My mom. She actually forced me onto birth control--took me to planned parenthood then ensured I took the pills daily-- while I was a freshman in college "in case I got raped". I did not have a boyfriend and had no interest in being sexually active at the time.


----------



## dogmom327 (Apr 19, 2007)

Quote:


> Originally Posted by *2lilsweetfoxes*
> 
> My mom. She actually forced me onto birth control--took me to planned parenthood then ensured I took the pills daily-- while I was a freshman in college "in case I got raped". I did not have a boyfriend and had no interest in being sexually active at the time.


Oh wow. I'm speechless...


----------



## Annie Mac (Dec 30, 2009)

Quote:


> Originally Posted by *philomom*
> 
> Um, wow. Is he trying to say that every fertile woman in America should be using birth control all the time just in case they get raped? Do people really think this way?
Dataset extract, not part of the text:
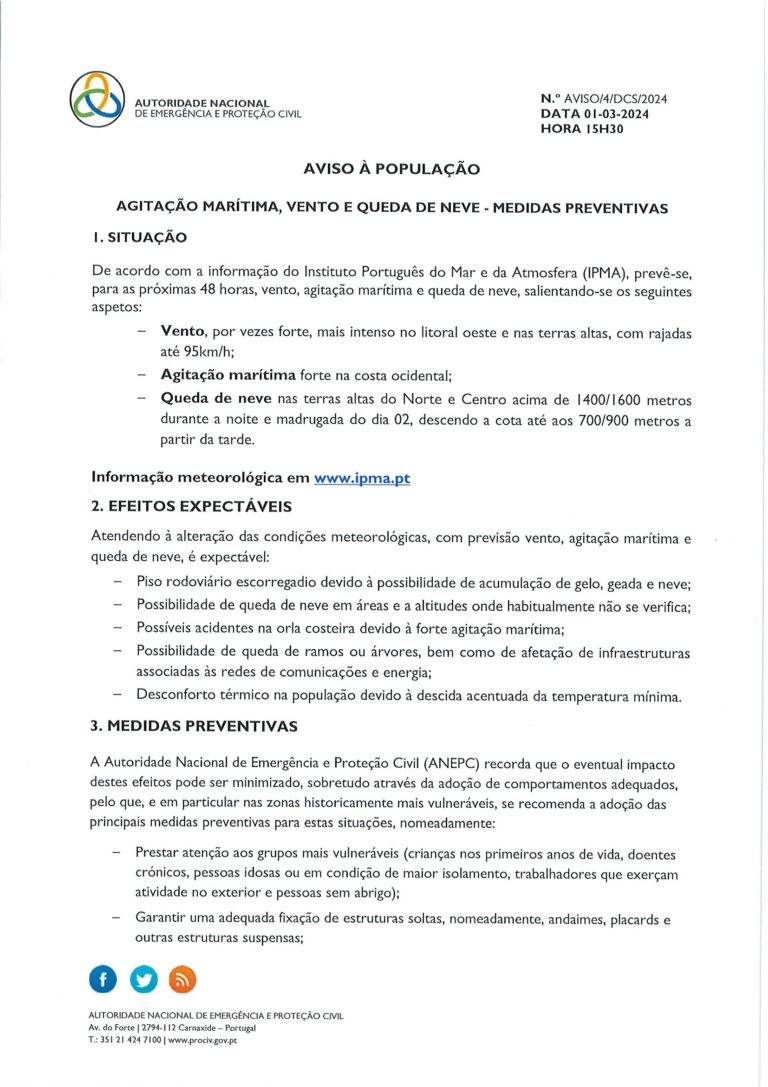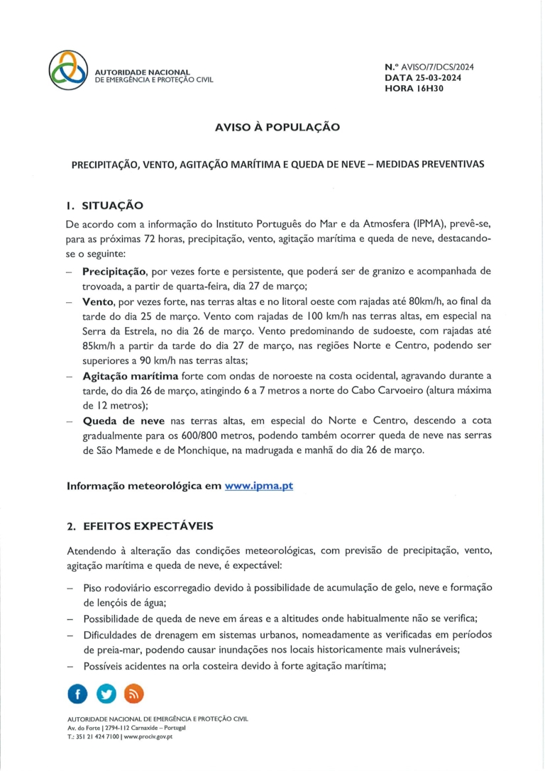 Aviso à População – Mau Tempo

I heard a segment on the radio a while back about Central American women who were making their way across the U.S. border. Although many of them live in Catholic countries where birth control is not widely available or accepted, it is not uncommon for these women to get the Depo Provera shot before making their journey, simply because it is so likely they will get raped. There are priests who are sympathetic to their plight and despite their religious convictions, help the woman find someone to administer the shot. It's an extreme case, I know.

Sounds like Pete DeGraf is a real idiot. And frightening that he holds public office.


----------



## shantimama (Mar 11, 2002)

That kind of thinking is wrong and offensive on so many levels


----------



## asraidevin (Jul 30, 2010)

I think its offensive to compare any unwanted pregnacy to a flat tire.

Baby insurance for if your birth control fails ...


----------



## Katwoman (Apr 15, 2004)

It kind of makes me wonder if he's mentally "all there". I mean, seriously, how does that even correlate in this mind? It had to be a dark and scary path from one to the other.......


----------



## ZombieMama (May 5, 2011)

Comparing a woman's body and body autonomy to what amounts to a piece of property is wrong.

Here's an idea: instead of trying to get women to "be prepared for rape" how about getting men to STOP RAPING??


----------



## GoBecGo (May 14, 2008)

Though attitudes are hopefully changing, a lot of (especially older) people still basically think intercourse (consensual or otherwise) is what a vagina is for, and owning a vagina should be accepted as a big signpost saying "stick it in here".


----------